HOW TO COMPLETE THIS TASK:
Please write out exactly the lines from the opening of the listing through the line that holds "- 我们在 API Key", including both, and nothing else; no pictures.

SOURCE MATERIAL: Begin

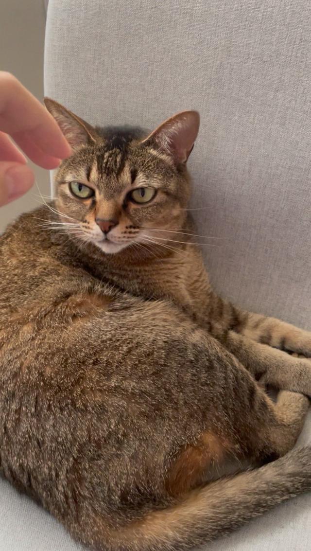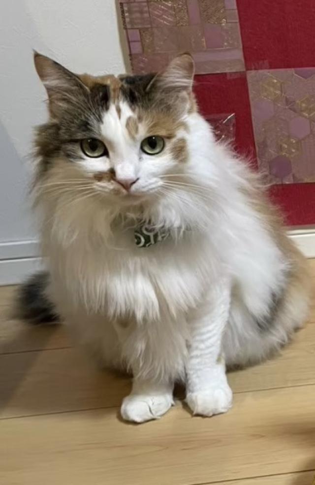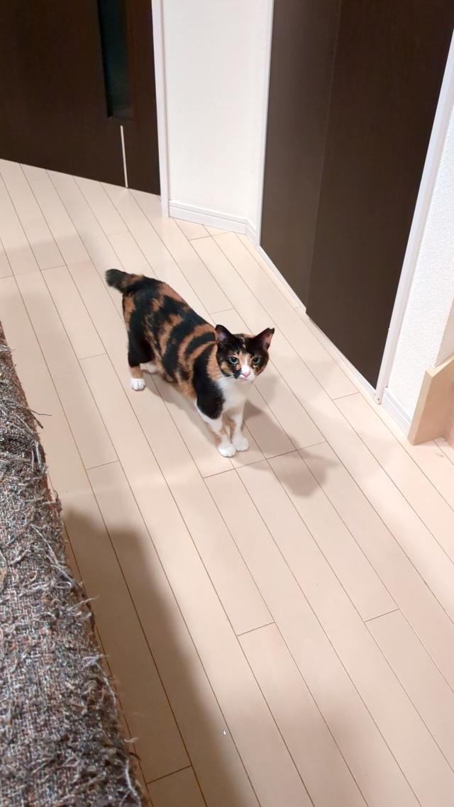 - はっきりした色の三毛猫で尻尾が短いです。
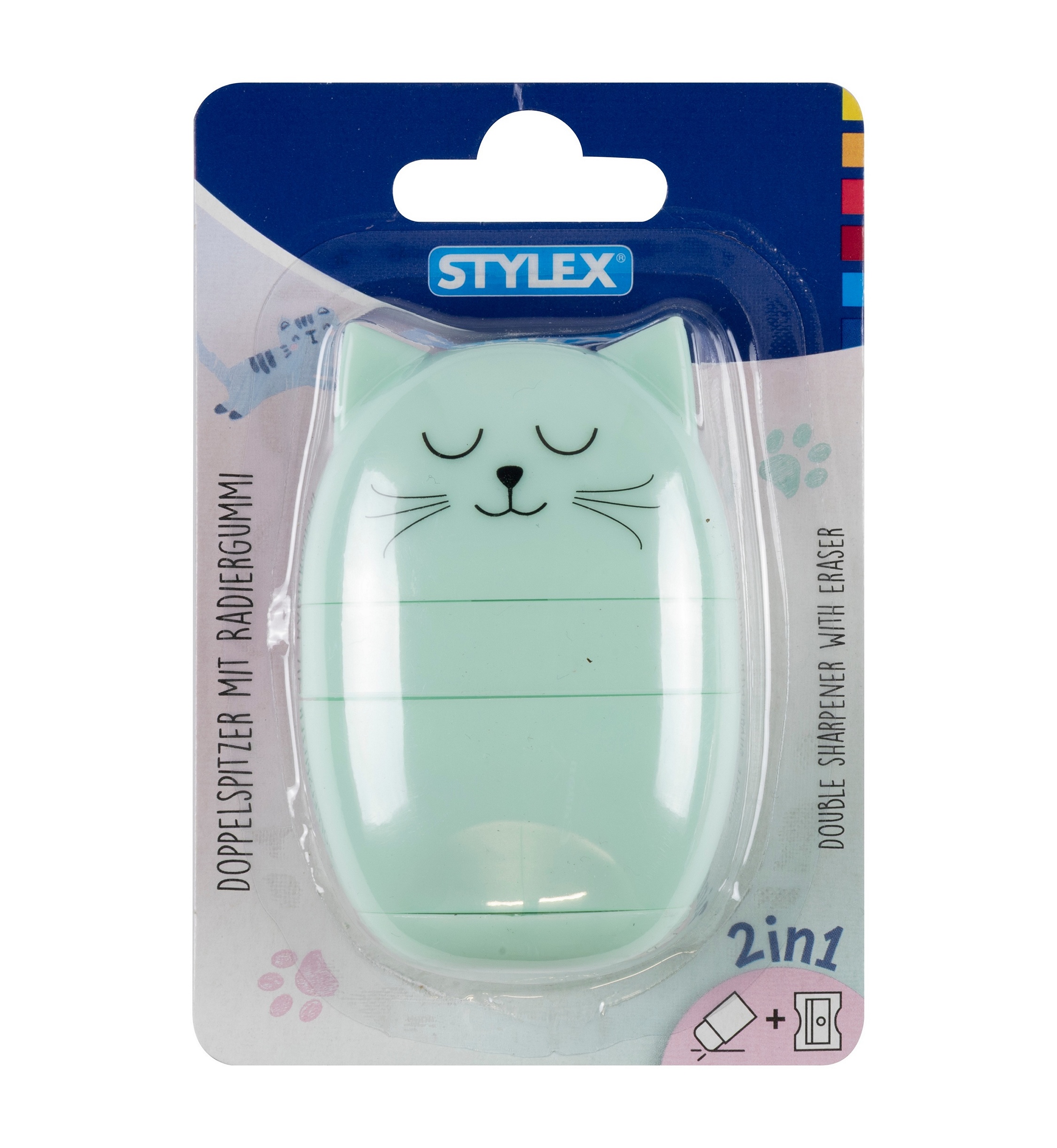 - 3x Doppelspitzer mit Radiergummi "Katze"
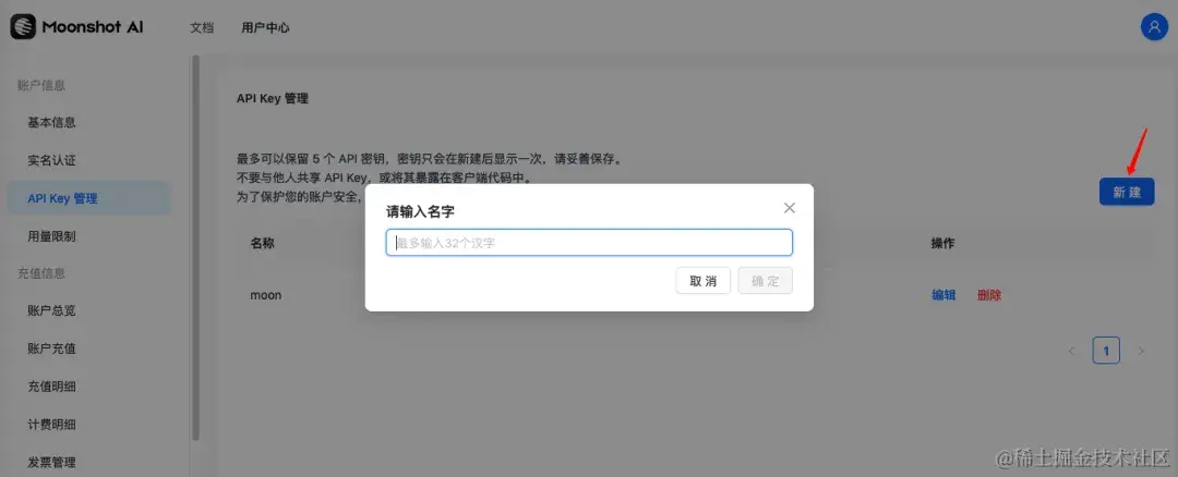 - 我们在 API Key 管理页面点击「新建」创建一个新的 API Key,在创建好之后会生成一个 key,大家要保存好它,因为只展现一次,如果没记住那就只能删除并重建了:
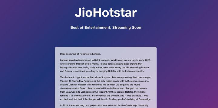 Plot Twist in Jio & Hotstar Merger JioHotstra (.com) is owned by a student, and now he is willing to sell it to Reliance Industries to fund his studies.

SOURCE MATERIAL: End

YOUR SOLUTION:
 - はっきりした色の三毛猫で尻尾が短いです。
 - 3x Doppelspitzer mit Radiergummi "Katze"
 - 我们在 API Key 管理页面点击「新建」创建一个新的 API Key,在创建好之后会生成一个 key,大家要保存好它,因为只展现一次,如果没记住那就只能删除并重建了:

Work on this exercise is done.